If we buy a new car, the value of the car drops rapidly during the first 6 months, and after a year it's probably lost half it's value. I don't feel burned by that purchase, because it is expected.
But, populist anger aside. I think some of the anti-establishment crowd cherry pick their statistics. Consider the argument for wage stagnation against this chart;
The chart from the BusinessInsider article (taken from the St. Louis Fed, who got it from the BEA )was not adjusted for inflation because these are commingled with international profits so whose inflation rate would you choose, and in raw terms, aggregate corporate profits will always be hitting new highs in a growing economy, even one that is sputtering along at 1-3% growth. A better comparison is the profit to GDP ratio. So, yes, more in the 8-9% range compared to national income. I see this as some good news that our economy may not actually crash into depression. I don't know how you'd forecast anything other than record profits, given the downward pressure on wages and commodity costs. But, I've already said that it would be nice if "the 99%" were able to experience more participation in the risks and the rewards.
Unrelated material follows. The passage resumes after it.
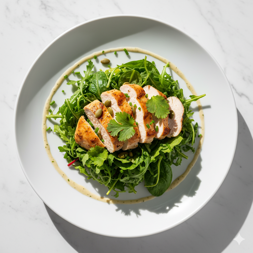Salade composée avec morceaux de poulet grillé, légumes frais et vinaigrette maison.

For CEO pay comparisons, you cannot just take the highest paid CEO, and compare that to the lowest paid worker. Here are the government statistics on CEO compensation. Mean annual wage for CEO's = $173,350, while for all occupations (including management) = $44,410. So, not really 350X the average worker. More like, 3.9X, which seems a bit more reasonable. The 2006, the national average household income for those with only high school graduation attainment was $36,835.
When you look at wages as a portion of GDP, you also need to consider GDP per capita which is encapsulated within that graph. In that same 1972 to 2005 period, GDP per capita is 3x higher, meaning that each worker is producing far more than 3x, and more like 6x more than they did in 1972.
When I got to digging into this chart;
I notice that the (slight) lag as a percentage of income is in State and Local taxes (including sales tax). That, and the chart is a bit misleading in that they break down the top quintile into four groups which visually over represents them. If you just look at the salmon colors and the light gray, which represents the progressive federal income tax you see what you'd expect to see. The bottom 20% pay <4%, the top 20% pay > 20%. I'm sure certain wealthy people who exist mostly from investment income pay more like the capital gains tax rate, but taxing capital gains is an involved discussion, as is other rate equity ideas, like removing the yearly cap on SSI tax.